At a news conference, the Japanese company's Firestone division said it would recall certain sized ATX, ATX II and Wilderness tires and replace them. The recall applied to all tires produced at its U.S. plants.
"No matter how old the tires, no matter how many miles they have on them, we will replace them with new tires at no charge," said Firestone Executive Vice President Gary Crigger.
The National Highway Traffic Safety Administration (NHTSA) in May opened an inquiry into the treads peeling off Firestone ATX, ATX II and Wilderness tires with data that included just four deaths.
Publicity surrounding the probe caused complaints to soar and NHTSA said this week at least 46 fatalities were now under investigation.
"The vast majority of the incidents are in the southern most states of Arizona, California, Florida and Texas, which suggests there may be a direct correlation between heat and tire performance," Crigger added.
In its statement, Firestone said it had sold 14.4 million of the certain-sized tires affected by the recall -- the P235/75R15. Of this number, it estimated that 6.5 million were still in use.
Crigger said this particular size was strongly represented in the incidents and accidents reported.
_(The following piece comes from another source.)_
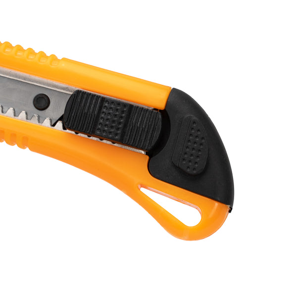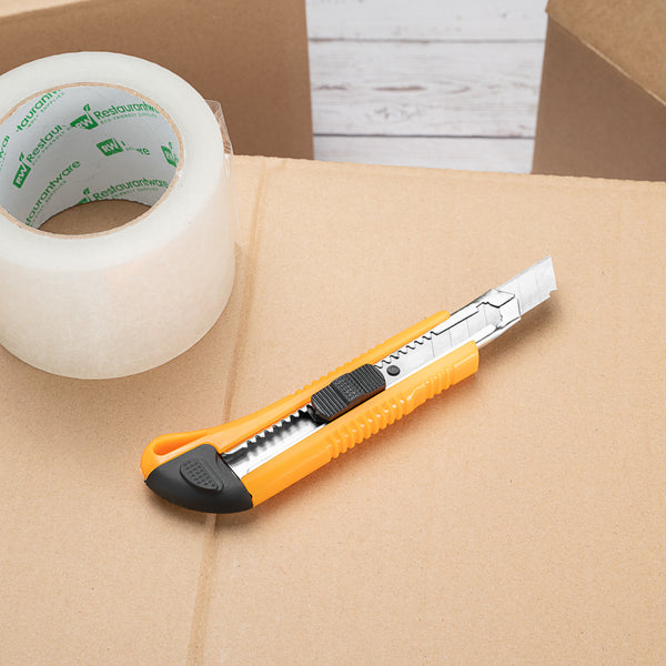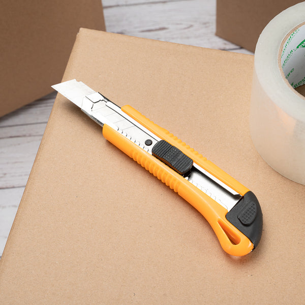 Cleanly cut all types of materials using our Handy Tek Yellow Utility Knife / Box Cutters. These box cutter knives feature an anti-slip handle that provides you with a secure grip and full control when completing projects to prevent dangerous accidents. With a retractable 18-millimeter blade, these utility knives can be adjusted to any length to fit your cutting needs. These retractable box cutters have a locking mechanism that ensures the blade stays in position when you're cutting through thick materials. With a razor-sharp blade, these maintenance knives cleanly and smoothly cut all types of materials which eliminates the need to use a lot of force. These retractable box cutters feature a yellow finish, making them easy to identify in your storage room or toolbox. Measuring 6.5 inches long by 1.4 inches wide, these anti-slip knives are perfect for keeping in your tool belt or pocket so they are within reach. Sold in a 4 count box.
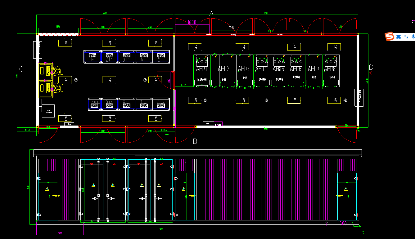 预支舱尺寸为(长*宽*高)15000mm*4400mm*3500mm,门档高2600mm,安全门档高2200mm,底框采用20#H钢、14#、10#槽钢、5#角钢焊接,外板为2.0mm瓦楞波纹板+中间50mm防火岩棉+内板1.0mm镀锌板制作,一次室底板为3.0mm钢板,二次室底板为静电地板抬高200。

Firestone's Decatur, Ill., plant was over-represented in the claims.
Ford Motor Co.'s Explorer, the top-selling SUV in the United States with 3.5 million built, was fitted with the tires as standard equipment at the factory.
Ford's decision to offer customers in six other countries free replacement tires starting last August in Saudi Arabia has raised questions about why U.S. customers weren't offered a recall sooner.
Bridgestone, which bought U.S. tire maker Firestone in 1988, had previously said the tires are safe when properly inflated and maintained.
The recall was developed after a meeting Tuesday between officials of Bridgestone, Ford and NHTSA.
Firestone was previously involved in a huge tire recall that began in the 1970s.
Millions of its Firestone 500 steel-belted
radials were recalled after NHTSA found the tire had a defect.
The company paid a $500,000 fine for knowingly selling tires
that would fail government tests but admitted no wrongdoing.